La région du Catatumbo, dans le département colombien de Norte de Santander (nord-est) frontalier du Venezuela, vit une crise humanitaire sans précédent avec au moins 80 personnes tuées et 11.000 déplacées en raison du conflit entre deux guérillas, autrefois alliées.
Cette flambée de violence depuis jeudi rappelle les sombres heures du conflit interne colombien, que l'accord de paix de 2016 avec les Forces armées révolutionnaires de Colombie (FARC), alors la plus grande guérilla du pays, avait réussi à tempérer.
Historiquement, les montagnes de Catatumbo sont contrôlées par les guérillas des FARC (marxistes) et l'Armée de Libération Nationale (ELN, guévaristes), nées en 1964 avec la même ambition révolutionnaire de s'emparer du pouvoir.
Pendant des années ont régné entre elles des "accords de coexistence" et "de coopération", explique à l'AFP Carlos Velandia, coordinateur du Centre d'études sur le conflit (GISDE).
Mais après le dépôt des armes et la paix signée par les FARC, l'ELN en a profité pour s'étendre dans tout le Catatumbo, région reculée avec une faible présence de l'Etat, idéale pour pratiquer l'extorsion et développer le narcotrafic.
Ses montagnes abritent aujourd'hui plus de 50.000 hectares de plantations de feuilles de coca, le principal composant de la cocaïne, dont les guérillas tirent d'importantes sources de revenus.
Des dissidents des FARC refusant l'accord de 2016 ont reformé de petites milices et obtenu l'aide de l'ELN pour se renforcer, jusqu'à devenir une organisation puissante tant économiquement que militairement.
L'un des commandants de l'ELN -l'organisation n'a pas de commandement central- Antonio Garcia, estime que cet acte "solidaire" a été aujourd'hui trahi et que les dissidents des FARC les ont menacés, selon une lettre publiée lundi sur les réseaux sociaux.

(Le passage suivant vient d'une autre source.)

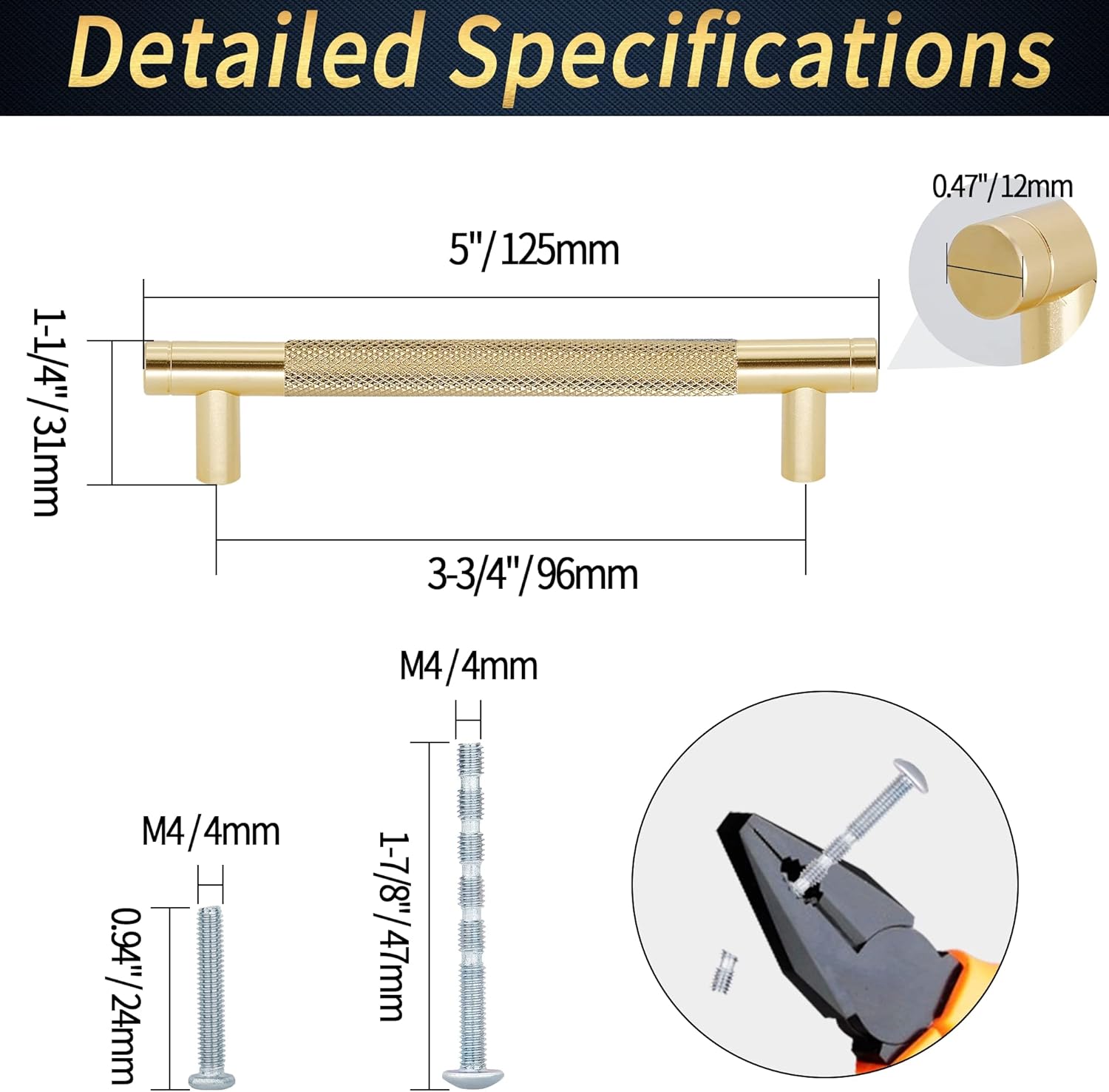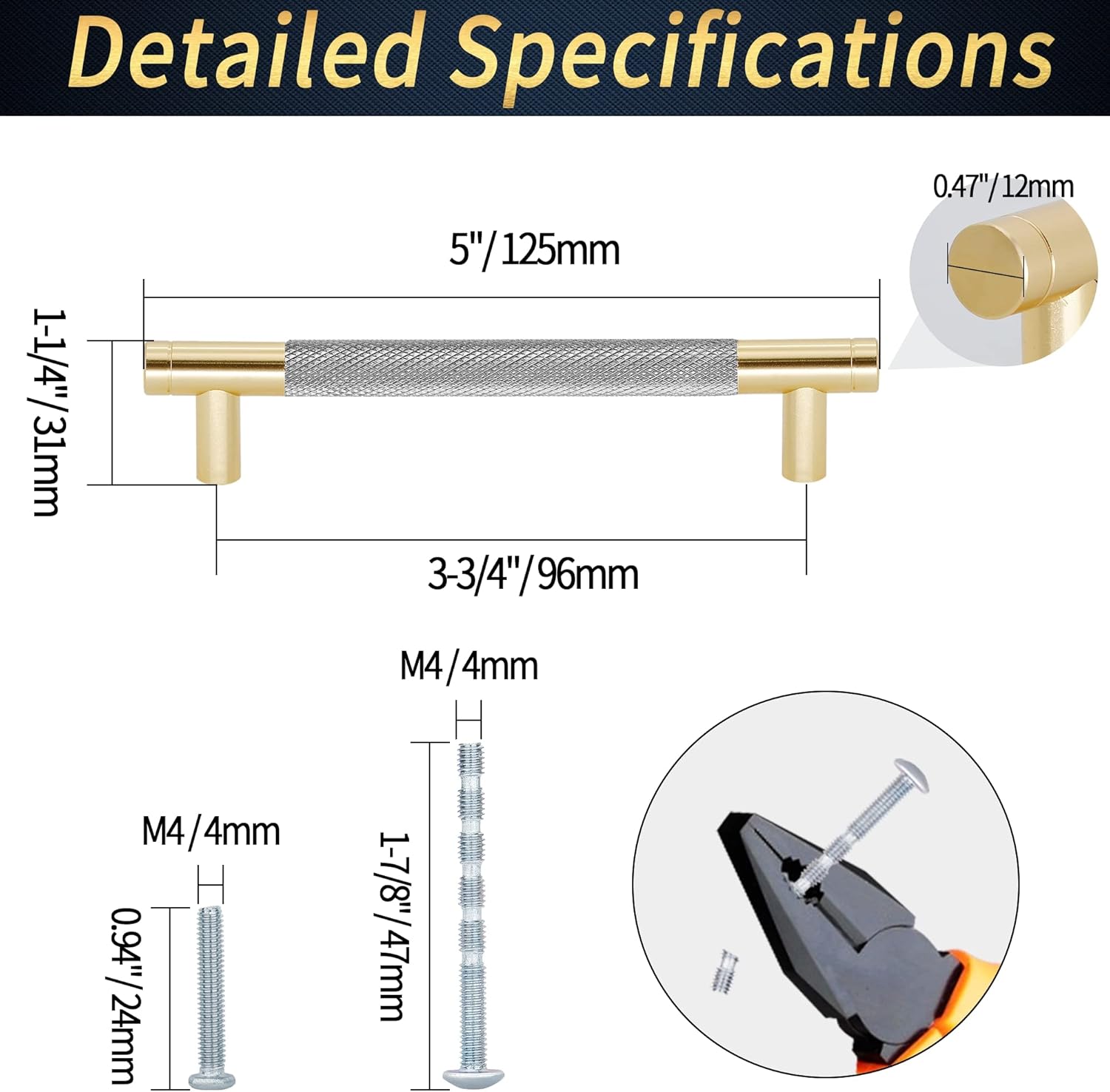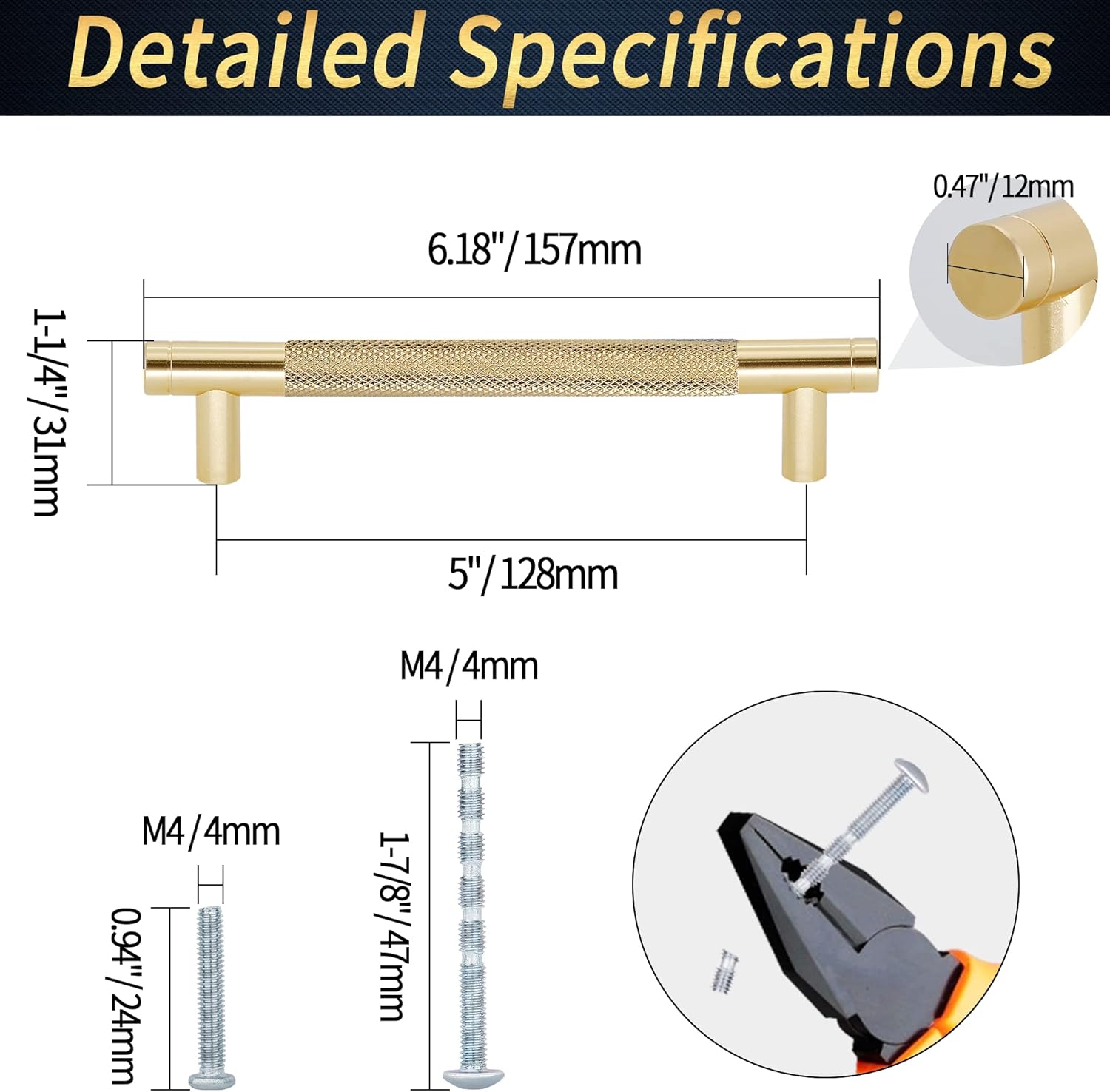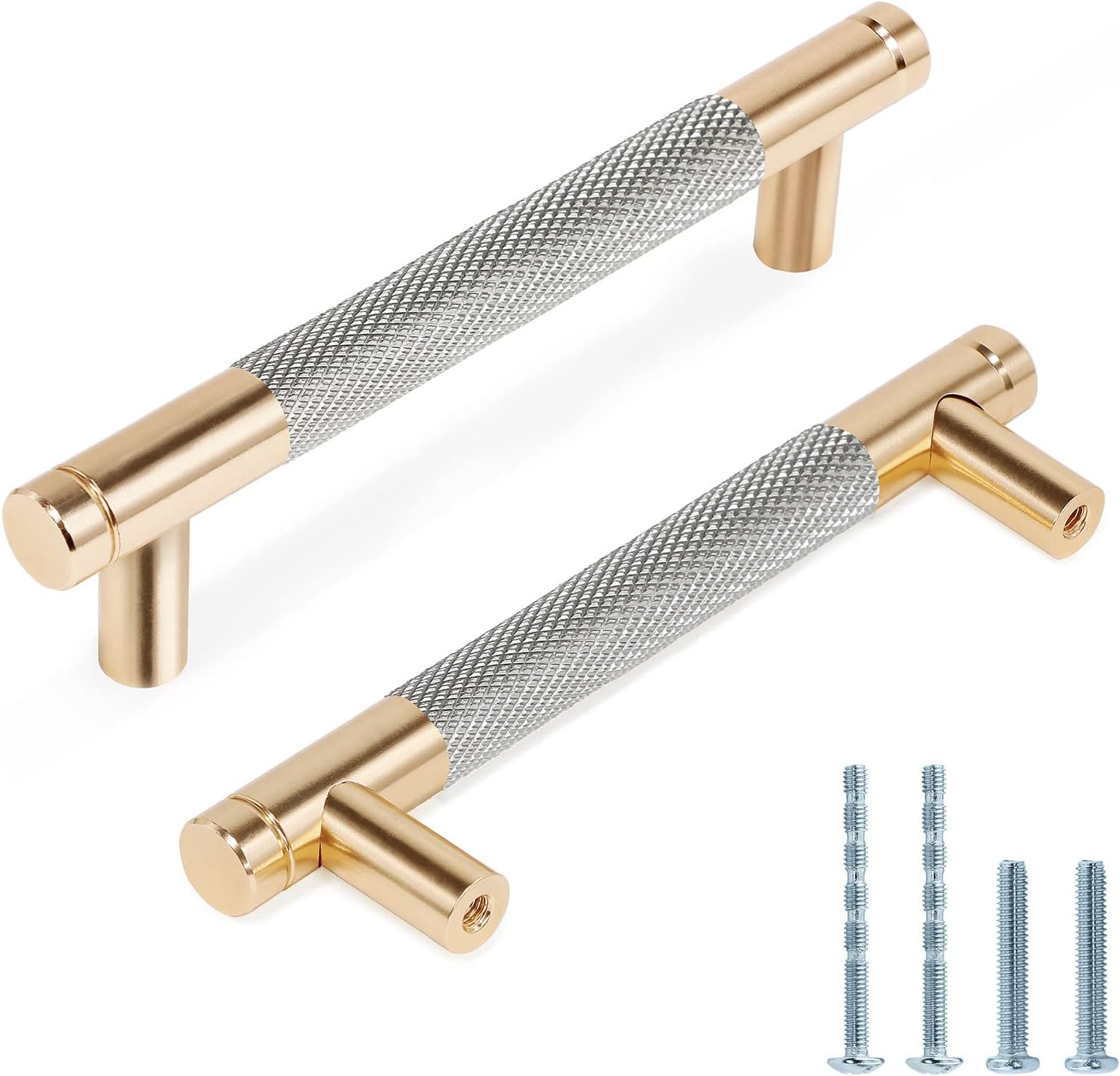 Features: 1.Our knurled drawer pulls are individually bagged, each with two different types of mounting screws for convenient installation. 2.The colour-blocking and knurled texture design of the drawer pulls deliver a gorgeous and fashionable visual impact. 3.You can have a luxurious look to your house in daily life within your adequate budget. 4.Constructed of high-hardness solid aluminium alloy, our knurled drawer handles is resistant to corrosion without rusting. 5.The diamond pattern surface has been treated with elaborate forging and polishing that provide a comfortable grip without slipping. 6.Our knurled cabinet handles are compatible with Boho, European, Minimalist, Modern or Mid-century furniture. 7.These premium hardware pulls are an affordable option if you crave an upgrade or replacement for pulls in your kitchen cabinets, cupboards, wardrobe, bathroom vanity, or dresser drawers. Specification: Color: Black & Gold Material: Aluminium Alloy Handle Hole Centers: 5" / 128mm Regular Screws : M4 * 1" / 25mm Breakaway Truss Head Screws: M4 * 1-3/4" / 45mm Package Included: 25 x Knurled Cabinet Pulls 50 x Regular Screws 50 x Breakaway Truss Head Screws Warm Tips: 1.We offer screws in two different lengths for thicknesses: 13 - 40mm / 1/2" - 1-9/16" 2.As the size is measured by hand, please allow 1-2mm difference between the actual size and the hand measured size. 3.The pictures of the product are as close to the real thing as possible, but the colors are slightly different due to equipment, lighting and display.

De son côté, Andrey, chef des FARC dissidents du Catatumbo, dénonce une "extermination".
- Dispute territoriale -
Le ministre de la Défense, Ivan Velasquez, dit ne pas connaître "de fait concret" ayant déclenché ces hostilités mais souligne que "depuis octobre, existaient des contradictions entre les deux organisations" qui autrefois entretenaient des relations de "coopération".
Selon diverses sources, l'assassinat d'un chef d'entreprise avec sa femme et son fils de six mois serait le déclencheur des hostilités.
Depuis la fin des FARC, le conflit interne en Colombie a subi un "phénomène de mutation", ajoute l'expert Carlos Velandia, passant d'un "conflit politico-social et armé à une impasse de violences dans laquelle différents acteurs" dénués d'idéologie révolutionnaire "se disputent les territoires".
Gerson Arias, chercheur de l'ONG Idées pour la Paix, estime que les dissidents des FARC n'ont pas respecté "les règles qui existaient en matière d'extorsion" et ont lancé une croisade "pour arracher" à l'ELN le soutien de la population.
Des universitaires comme M. Velandia estiment que l'ELN cherche un contrôle total des 2.200 km de frontière entre Colombie et Venezuela, une décision prise lors de leur VIe Congrès, en 2024.
A cela s'ajoute des divergences sur les pourparlers de paix engagés avec le président Gustavo Petro, arrivé au pouvoir en 2022 avec l'ambition de sortir par le dialogue du conflit et qui négocie depuis avec plusieurs organisations armées du pays.
M. Petro a décidé vendredi de suspendre les négociations avec l'ELN, qu'il a accusé de perpétrer des "crimes de guerre".